Former government ministers have given their backing to a new lobbying front created to repel big business attempts to water down the competition regime.

Campaign group Competitive Britain launched this week vowing to fight for the preservation of the collective opt-out regime. The government has pledged to consult on proposals later this year to refine the opt-out regime, where claimants in group actions are automatically included by default unless they actively choose to opt out.

The opt-out regime was created by the Consumer Rights Act in 2015. Business-funded campaign group Fair Civil Justice has already made the case for reform, with its opposite number Competitive Britain setting out its agenda at a Westminster launch on Tuesday.

In a foreword to the Competitive Britain report accompanying the launch, former tech minister Damian Collins said the effective enforcement of competition law has kept prices lower for consumers, helped innovative businesses compete and improved productivity.

Robert Buckland and Damian Collins

Robert Buckland and Damian Collins

He added: ‘There are of course opponents to the regime, and unsurprisingly they are drawn from the ranks and allies of the major gatekeeper businesses who often find themselves subject to regulatory challenge or legal action. They want to neuter the regime to make it practically impossible for groups of claimants to challenge their anti-competitive practices.’

Collins, who is now head of policy with advisory firm Geradin Partners, added that while competition regulators have the power to enforcement action against companies that hold dominant power, they do not have the time or resources to investigate every case, meaning that collective claims are needed to hold companies to account.

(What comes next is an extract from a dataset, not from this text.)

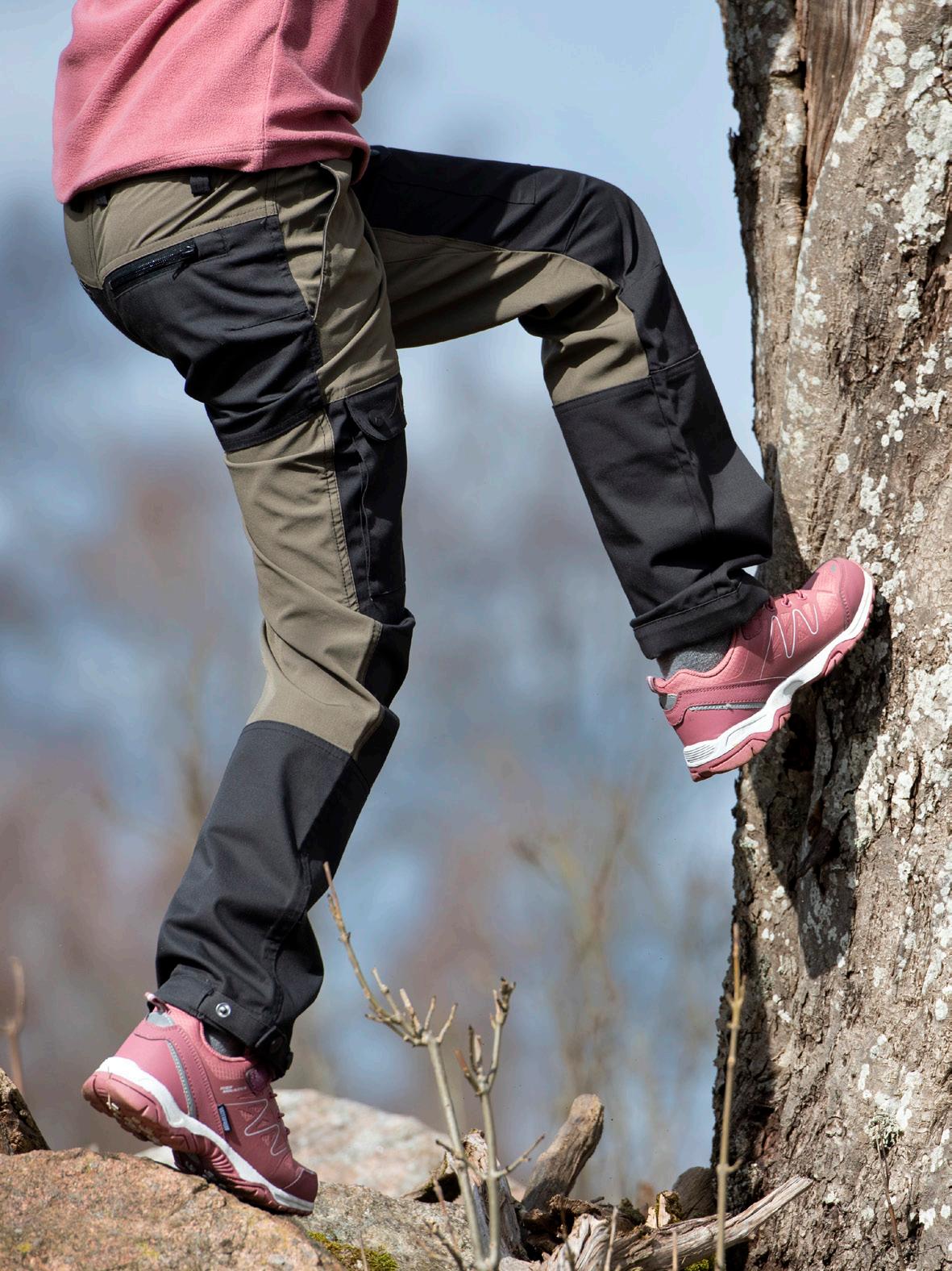 Ögla att fästa byxkroken i. Den uttagbara innersulan är ergonomisk och ger skön dämpning. Yttersulans djupa mönster ger ett bra grepp på olika sorters underlag. Stötdämpande mellansula i EVA.

Former lord chancellor Robert Buckland spoke at the launch and stressed how this issue should not be dismissed as an arcane debate of interest only to lawyers.

‘It is not just about damages, it is about the correction of poor behaviour such as cartels [which] not only causes considerable harm to consumers but frankly damages the reputation of the UK,’ he added. ‘The more we resource institutions like the CAT the more we build the reputation of our country as a safe place for investment.’

The Competitive Britain report responded to many of the pro-business lobby arguments around net cost to the economy and the reportedly small amounts that consumers sometimes recover in compensation.

On the first point, it said that redress obtained by claimants represented a ‘transfer of resources rather than a net loss’, and while legal fees can be high, they are borne on the market by litigation funders.

The report also stated that the average value of redress per class member was £1,473 for individuals and £139,886 for businesses.

It added: ‘Even much smaller amounts – for examples, the £45-£70 payable to consumers in Merricks v Mastercard – remain significant for a large proportion of UK households, of whom one in 10 have zero cash savings. Lower income consumers often bear the brunt of anti-competitive behaviour; for these consumers, redress is particularly important.’